Progressive Massive Fibrosis - Pathogenesis and Causes

Pathogenesis and Causes

The pathogenesis of PMF is complicated, but involves two main routes - an immunological route, and a mechanical route.

Immunologically, disease is caused primarily through the activity of lung macrophages, which phagocytose dust particles after their deposition. These macrophages seek to eliminate the dust particle through either the mucociliary mechanism, or through lymphatic vessels which drain the lungs. Macrophages also produce an inflammatory mediator known as interleukin-1 (IL-1), which is part of the immune systems first line defenses against infecting particles. IL-1 is responsible for 'activation' of local vasculature, causing endothelial cells to express certain cell adhesion molecules, which help the cells of the bodies immune system to migrate into tissues.
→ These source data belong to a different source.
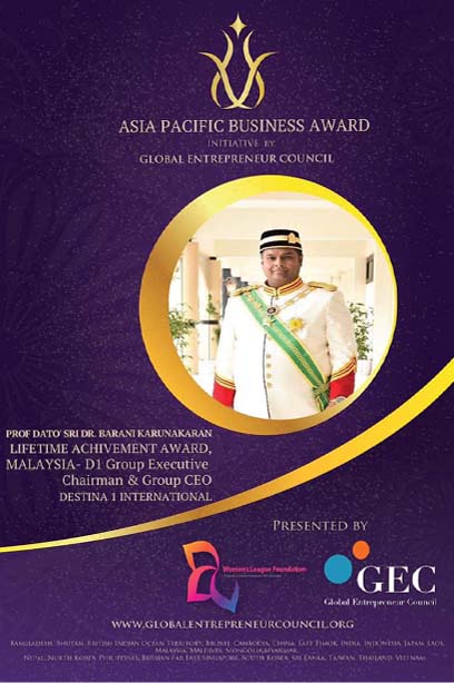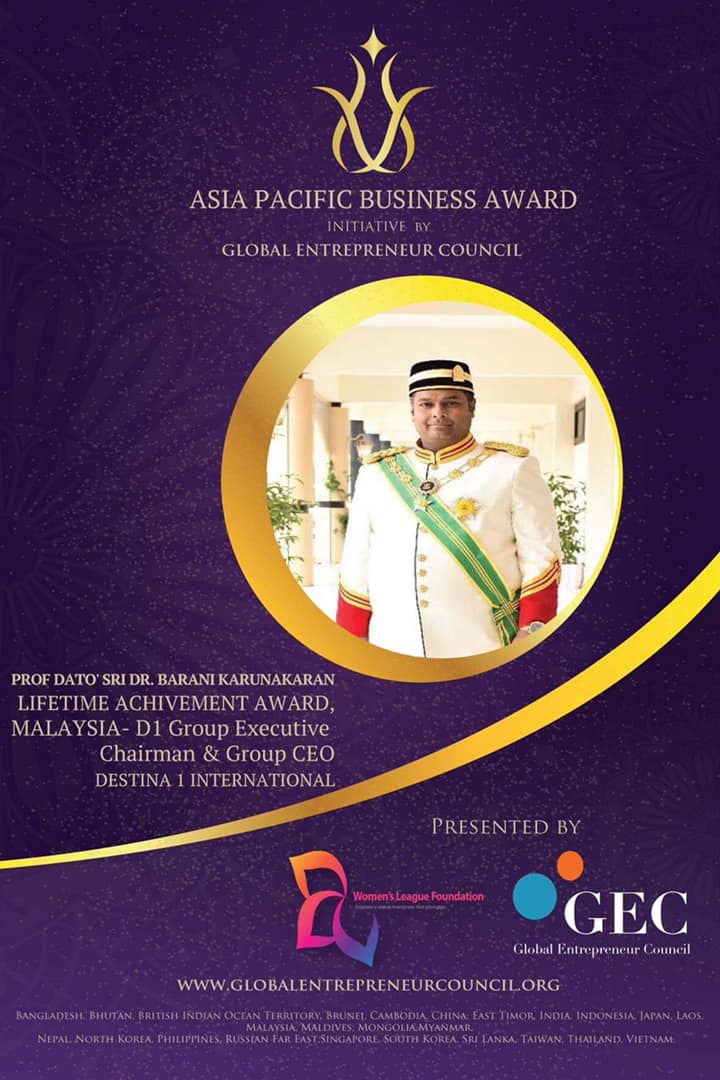 Dato’ Sri Dr Barani Karunakaran has been conferred The Asia Pacific Business Award’s “LIFETIME ACHIEVEMENT AWARD FOR 2019” by Global Entrepreneur Council.
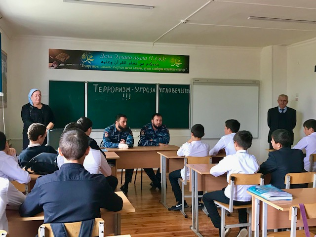 Приглашенные гости из полиции и МЧС говорили о трагедиях в Беслане, Казани, Перми и других местах, и что почва для подобного рода проявлениям терроризма закладывается идеологами терроризма распространением в интернете информаций экстремистского и террористического характера, способствующие обману, оболваниванию и привлечению в свою преступную среду молодежи. Сотрудники полиции и МЧС подчеркивали, что всякая информация в интернете контролируется и обрабатывается соответствующими службами, даже мелкие и незначительные проявления сочувствия, согласия, лайкования экстремизму и терроризму фиксируются и виновные привлекаются к строгой ответственности. Они порекомендовали ребятам использовать интернет только в учебных целях, предупредили ребят о необходимости соблюдения правил поведения в школе и что в противном случае систематические нарушители дисциплины и порядка будут поставлены на учет в ПДН, с ними и с их родителями будет проводится соответствующая работа. Ребятам порекомендовали также сообщать в полицию о любых значимых правонарушениях, беззаконии, проявлениях экстремизма и терроризма.
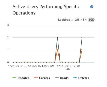 · Active users performing specific operations: This one gives a plot of various events:
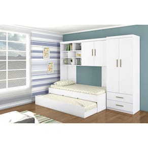 Jogo de Quarto Chiara 4 Peças - Roupeiro 2 portas, Módulo Aéreo e Cama com Auxiliar - Phoenix Baby - Branco

Macrophages exposed to dust have been shown to have markedly decreased chemotaxis. Production of inflammatory mediators - and the tissue damage that ensues as an effect of this, as well as reduced motility of cells, is fundamental to the pathogenesis of pneumoconiosis and the accompanying inflammation, fibrosis, and emphysema.

There are also some mechanical factors involved in the pathogenesis of Complex Pneumoconiosis that should be considered. The most notable indications are the fact that the disease tends to develop in the upper lobe of the lung - especially on the right, and its common occurrence in taller individuals.